ISCSLP-T4: Deep Learning for Speech Generation and Synthesis

    Deep learning, which can represent high-level abstractions in data with an architecture of 
    multiple non-linear transformation, has made a huge impact on automatic speech recognition (ASR) 
    research, products and services. However, deep learning for speech generation and synthesis 
    (i.e., text-to-speech), which is an inverse process of speech recognition (i.e., speech-to-text), 
    has not generated the similar momentum as it is for ASR yet. Recently, motivated by the success 
    of Deep Neural Networks in speech recognition, some neural network based research attempts have 
    been tried successfully on improving the performance of statistical parametric based 
    speech generation/synthesis.

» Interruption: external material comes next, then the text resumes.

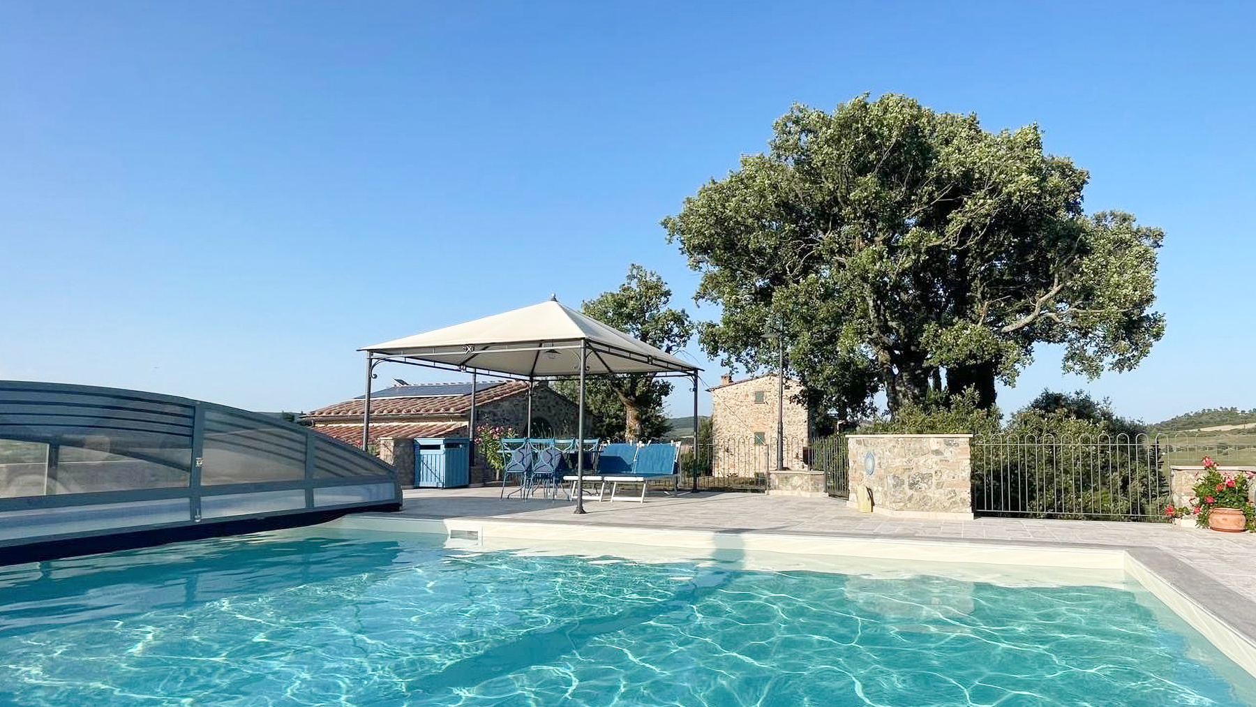 Nascosto tra le dolci colline toscane, a breve distanza dall'antica Volterra, questo agriturismo è un rifugio di pace e comfort. Qui, la natura incontra l'eleganza rustica, dove il profumo degli ulivi e il canto degli uccelli creano un'atmosfera di pura serenità. Con una vista mozzafiato che abbraccia il paesaggio circostante, ogni giorno è un invito a scoprire la bellezza della campagna toscana. La proprietà si estende su 343 mq ed è composta da 15 stanze e 4 bagni, offrendo ampi spazi per il relax e la convivialità. Gli alloggi, elegantemente ristrutturati, conservano il fascino delle vecchie case toscane con soffitti in legno e mattoni a vista. La piscina panoramica, con solarium in marmo travertino, è il luogo ideale per godersi il sole e la vista sulle colline. Un ampio giardino circonda la proprietà, offrendo un angolo di paradiso privato in cui rigenerarsi. Vivere qui significa abbracciare uno stile di vita autentico, immersi in una natura rigogliosa e incontaminata. Immagina lunghe passeggiate tra gli ulivi, serate sotto le stelle a bordo piscina e cene all'aperto con i prodotti locali. Ogni giorno riserva una nuova esperienza, un nuovo momento di pace e bellezza da condividere con i tuoi cari. Questa proprietà è un raro gioiello nel cuore della Toscana, un'opportunità unica per chi cerca un equilibrio perfetto tra tradizione e modernità. Un luogo dove il tempo sembra fermarsi, offrendoti il lusso di una vita in armonia con la natura.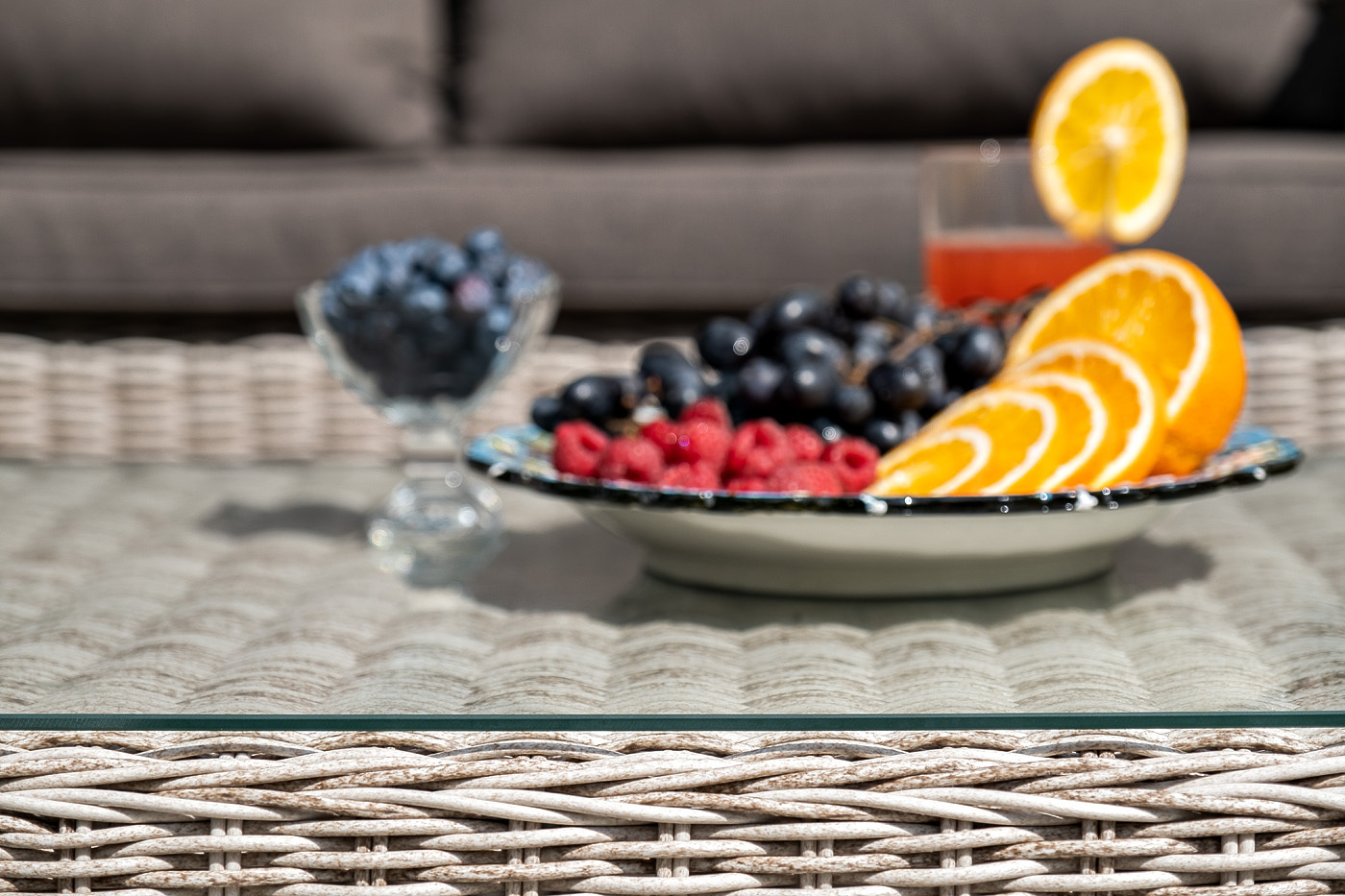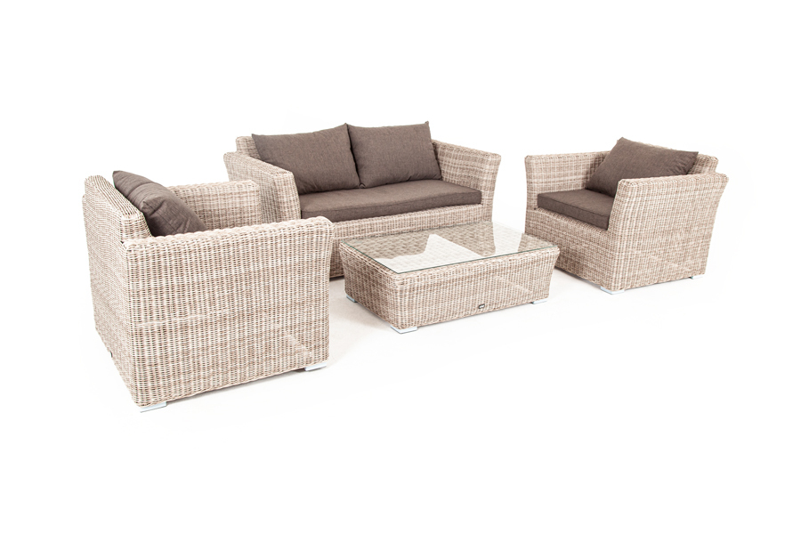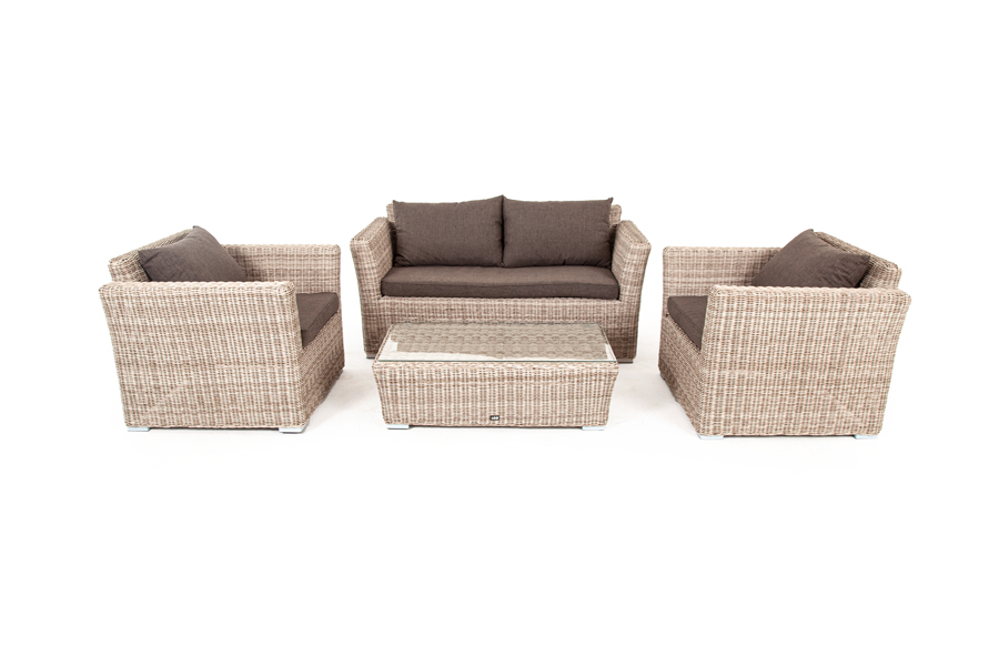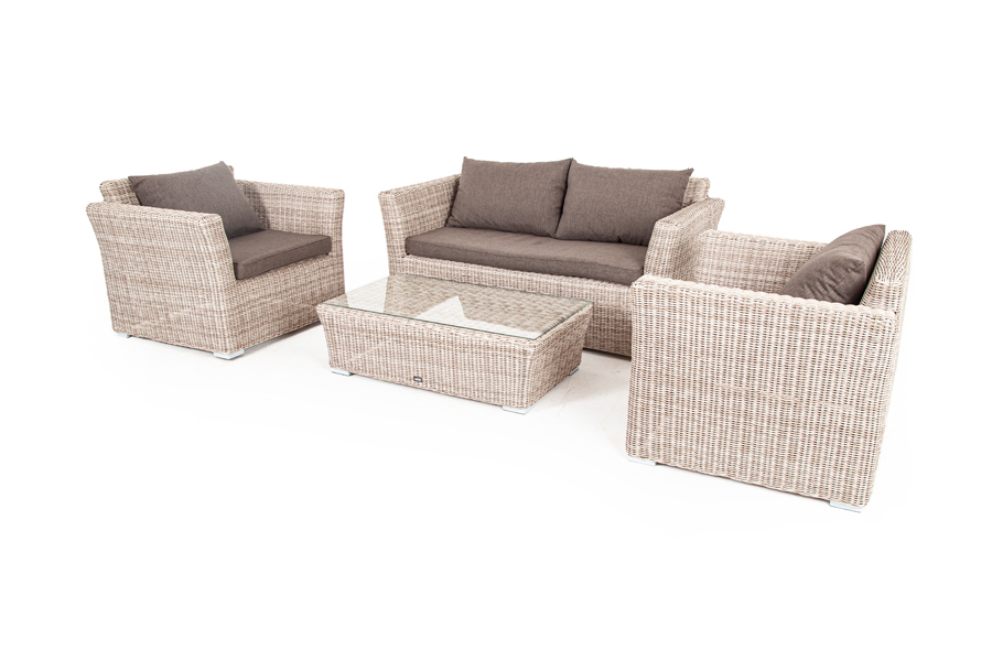 Лаунж-зона «Капучино Сингл» на 4 персоны. Она включает в свой состав: - двухместный диван (размер – 1700×865×815 мм). - два кресла (размер – 1040×865×815 мм). - плетеный журнальный столик (размер – 1100×660×340 мм). Прочный алюминиевый каркас усиливает устойчивость мебели. Его дополняет бежевая оплетка, которая представлена из круглого искусственного ротанга. Более комфортной лаунж-зону делают мягкие подушки с чехлами из серого полиэстера. Его плотность находится в рамках 300гр/м2. Ткань предварительно обрабатывается влагоотталкивающими составами. Столешница журнального столика также входит в комплект и поставляется в собранном виде с самим столиком. Она изготовлена из закаленного стекла – 5 мм. "Капучино" диван из искусственного ротанга двухместный, цвет бежевый 1шт. 1 700Х865Х815, "Капучино" кресло из искусственного ротанга, цвет бежевый 2шт. 1 040Х865Х815, "Капучино" журнальный столик из искусственного ротанга, цвет бежевый 1шт. 1 100Х660Х340,Бренд | 4SIS |

In this tutorial, we focus on deep learning approaches to the 
    problems in speech generation and synthesis, especially on Text-to-Speech (TTS) synthesis and voice conversion.

    First, we give a review for the current main stream of statistical parametric based speech generation 
    and synthesis, or the GMM-HMM based speech synthesis and GMM-based voice conversion with emphasis 
    on analyzing the major factors responsible for the quality problems in the GMM-based voice 
    synthesis/conversion and the intrinsic limitations of a decision-tree based, contextual state 
    clustering and state-based statistical distribution modeling. We then present the latest deep 
    learning algorithms for feature parameter trajectory generation, in contrast to deep learning for 
    recognition or classification. We cover common technologies in Deep Neural Network (DNN) and improved 
    DNN: Mixture Density Networks (MDN), Recurrent Neural Networks (RNN) with Bidirectional Long Short 
    Term Memory (BLSTM) and Conditional RBM (CRBM). Finally, we share our research insights and hand-on 
    experience on building speech generation and synthesis systems based upon deep learning algorithms.